That was all Frank needed to hear. “Thank you, Genie” he said loudly, causing the women playing penny slots nearby to look up for a split second before they went back to their penny feeding frenzy.
Frank literally skipped all the way to the steakhouse on the other side of the casino.
The steak was cooked just the way he liked it. He really didn’t care that, at this point in time, he was dead broke. Frank savored the steak in his mouth like a last meal that would satisfy him for the rest of his life. He had not a care in the world at this point. Mirna was his again. Life would be so wonderful. Frank would get his health back, maybe even enough to get a job. Going into work. Coming home to Mirna. What more could anyone want in life? The Genie in the casino really granted wishes. Frank thought, “I need to come up here about once a week. I have more wishes than I thought I had.” He ate the crème brûlée dessert that was provided for him. This was going to be a great day.

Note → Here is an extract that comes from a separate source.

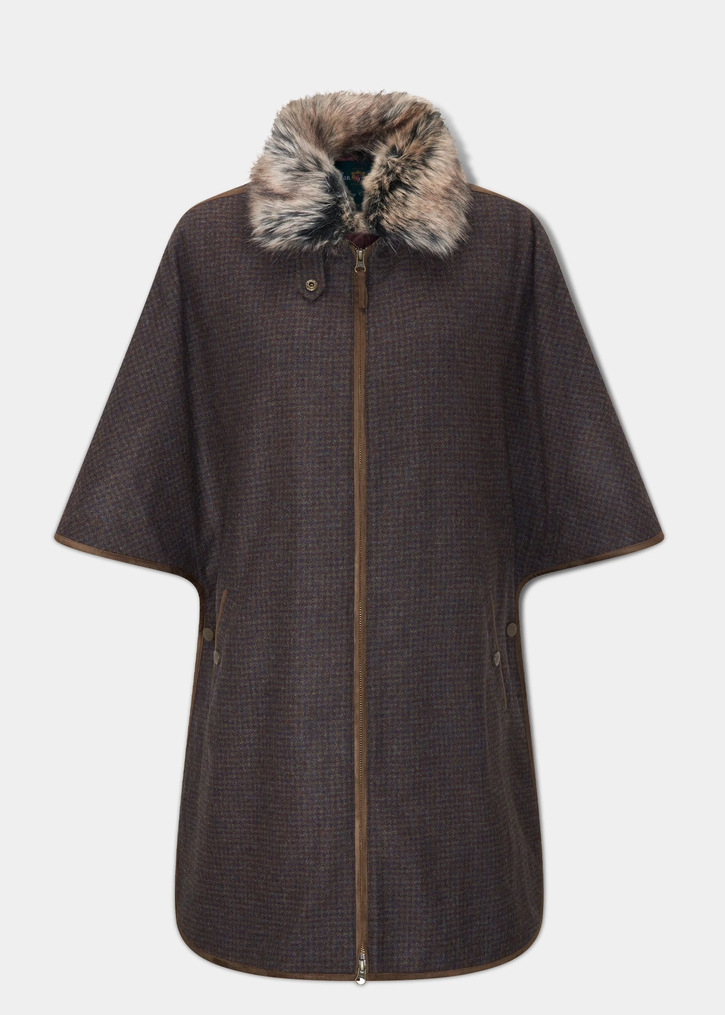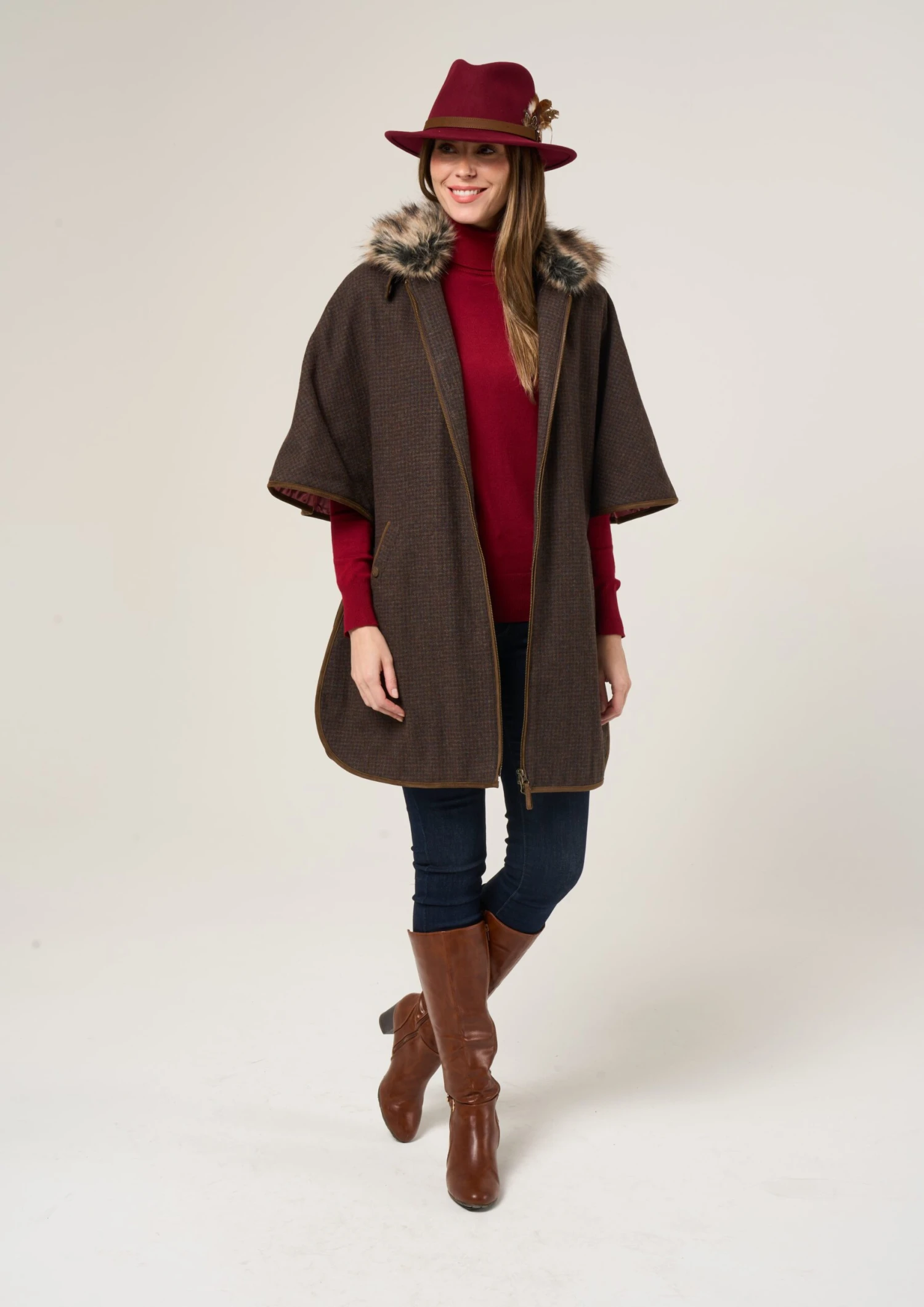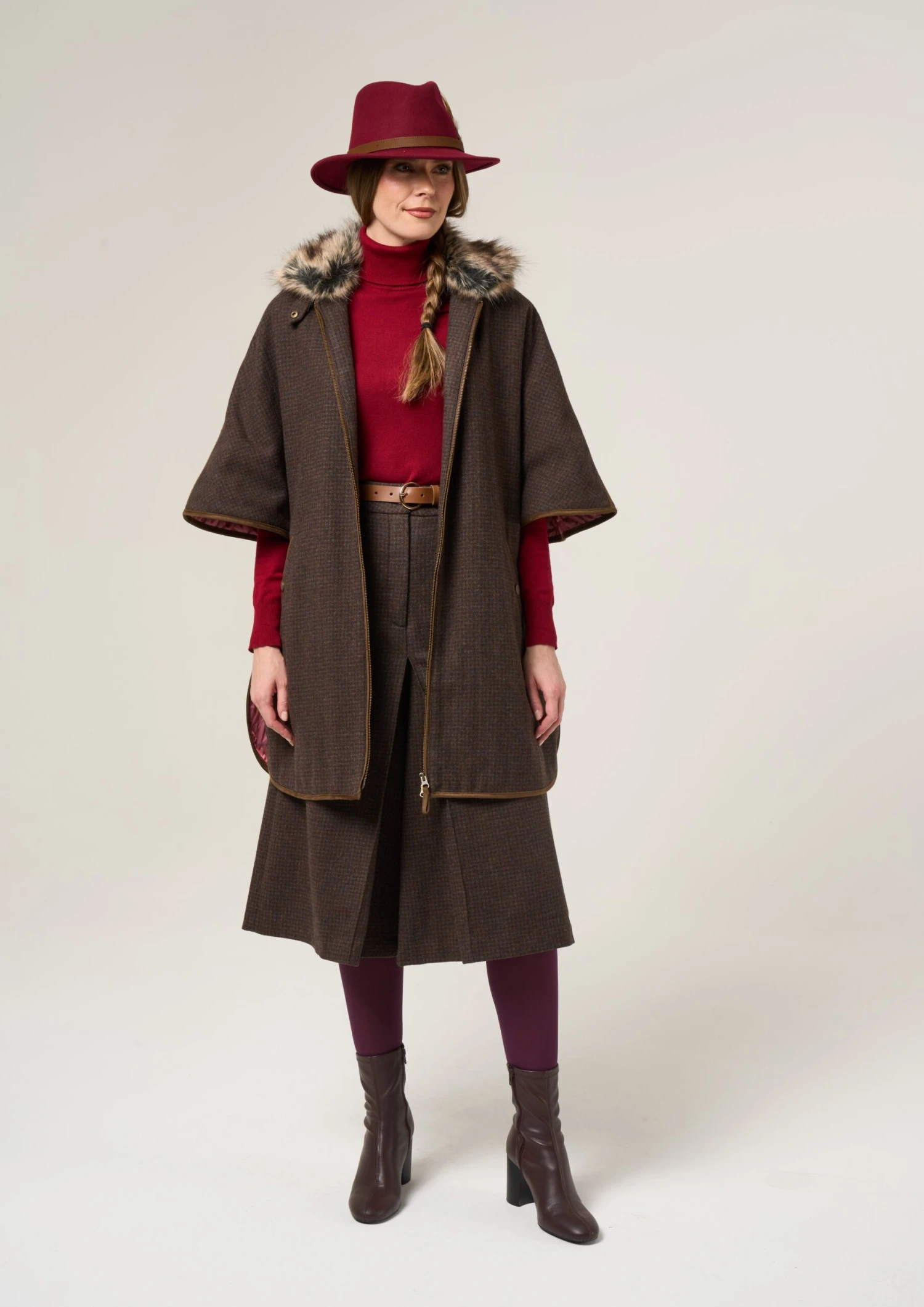 Elevate your style with the Surrey Ladies Tweed Cape In Bramble. Made with high-quality tweed, this cape offers a classic and sophisticated look. The deep bramble color adds a touch of elegance, while the cape design provides warmth and versatility. Perfect for any occasion, this cape is a must-have for any fashion-forward woman.

“Sir, the comp that you were given included two free adult beverages” Frank’s waiter observed as he was handed the paper.
Wow! This is better than I ever thought this day would turn out. Frank smiled.“Can you make that two doubles?”
When Frank awoke, he didn’t know where he was. “Those drinks were pretty strong,” he said aloud. He was alone and the sun was streaming in around the thick drapes of the honeymoon suite. “I’m not even hungover,“ he remarked as he padded into the bathroom. He wondered where Mirna might have been. He went out and looked at the bed.
No, he was the only one who had slept there. “My God, I hope she didn’t come up and couldn’t find me!” He dialed Mirna’s number.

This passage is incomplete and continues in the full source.